New Financial Order: Consequences and Prospects
The ongoing changes in the structure of international reserves and payment systems will have far-reaching consequences for the global economy, financial markets, and geopolitics.
First, the diversification of central bank reserves could lead to reduced demand for US government bonds, potentially increasing borrowing costs for the US government and complicating the financing of record budget deficits.
Second, the growing role of Asian currencies could change the structure of international trade, especially in the Asia-Pacific region, where countries may begin to more actively use local currencies instead of the US dollar for settlements.
Third, the strengthening role of the Chinese yuan could potentially enhance China’s geopolitical influence, especially among countries participating in the Belt and Road Initiative, which already have close economic ties with Beijing.

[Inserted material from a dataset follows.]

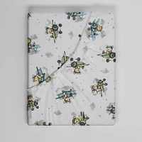 Prześcieradło z gumką do łóżeczka 80x200 bawełniane | 303Sni | biało niebieskie | misie samoloty

“We are observing not just a short-term fluctuation in exchange rates, but a fundamental shift in the architecture of the international financial system,” asserts Elena Sokolova, a professor of international finance at the Higher School of Economics. “This transition from a unipolar dollar system to a more multipolar currency environment will be gradual, but its consequences will be felt for decades.”
For investors and businesses, these changes create both challenges and opportunities. Companies operating in international markets will need to develop more sophisticated strategies for hedging currency risks in a world where dollar dominance is no longer absolute. Investors will need to reassess their portfolios in light of changing dynamics in currency markets and potential redistribution of global capital flows.
At the same time, the transition to a more multipolar currency system could contribute to greater stability of the world economy in the long term, reducing risks associated with excessive dependence on a single reserve currency and the financial policy of one country.
As this process gains momentum, the role of international organizations such as the International Monetary Fund and the Bank for International Settlements in coordinating and managing a multipolar currency system is likely to increase, creating a new architecture of global financial governance for the 21st century.